Why doesn’t the world make sense? At the fundamental level of atoms and subatomic particles, the familiar “classical” physics that accounts for how objects move around gives way to quantum physics, with new rules that defy intuition. Traditionally these are expressed as paradoxes: particles that can be in two places at once, cats that are simultaneously alive and dead, apparently impossible faster-than-light signaling between distant particles. But quantum rules are perfectly logical and consistent—the “paradoxes” are the result of our trying to impose on them the everyday reasoning of classical physics.

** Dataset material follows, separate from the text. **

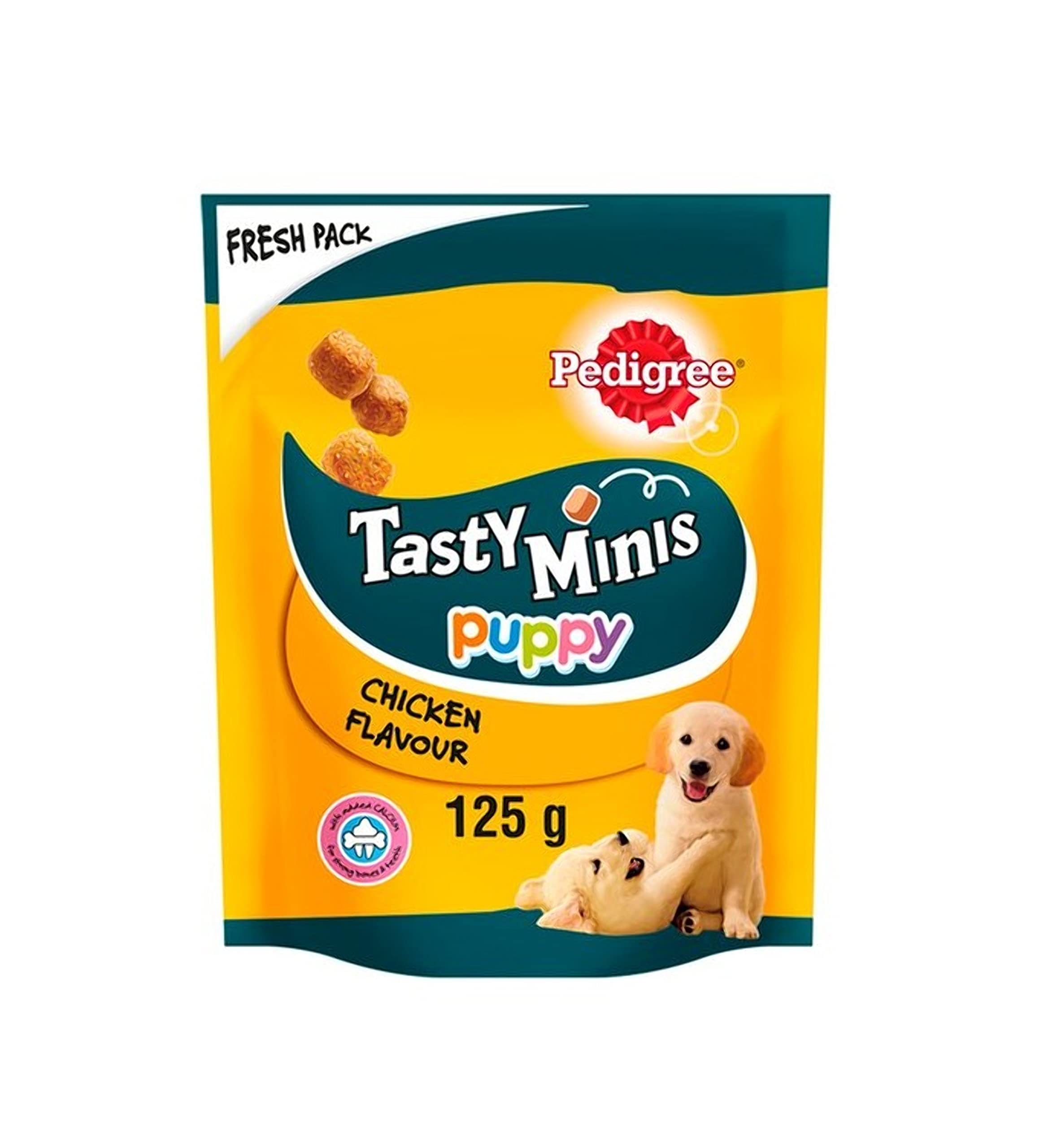 Pedigree Tasty Minis Puppy are bite-sized treats with a delicious chewy centre, that have been specially designed to be kinder to smaller, developing teeth than ordinary biscuits. Enriched with calcium to help give strong teeth and bones, vitamins and minerals to help maintain natural defences and Omega 3 to help keep your puppy fit for life, Tasty Minis are the perfect treat for your puppy.

What’s more, over the past several decades we’ve come to understand that the classical and quantum worlds don’t exactly operate by “different” rules. Rather, the classical world emerges from the quantum in a comprehensible way: you might say that classical physics is simply what quantum physics looks like at the human scale.
I guess because I’m a layman, albeit an INTJ layman, I simply don’t understand why physicists keep trying to explain things like “spooky action at a distance” in classical physics terms, i.e., particles “communicating” with each other. Doesn’t quantum physics suggest that the mystics are correct, that “All-is-One”? Ever since 1975 when I read the book “Intelligence Came First” (edited) by Ernest Lester Smith, I’ve assumed intelligence or consciousness is the ground of being that gives rise to physical reality. If all is one, totally and inextricably connected, it doesn’t have to communicate with anything else since it is everything. Rather, it simply “knows.”
Stephan, what do you think of Thomas Campbell’s Big TOE – that physical reality can be compared to a virtual reality created by a computer?
It was the famous physicist Richard P. Feynman who said that anyone who claims to understand quantum physics is either a fool or a liar.
It was another famous physicist Amit Goswami who said it was consciousness that creates matter, not the other way around.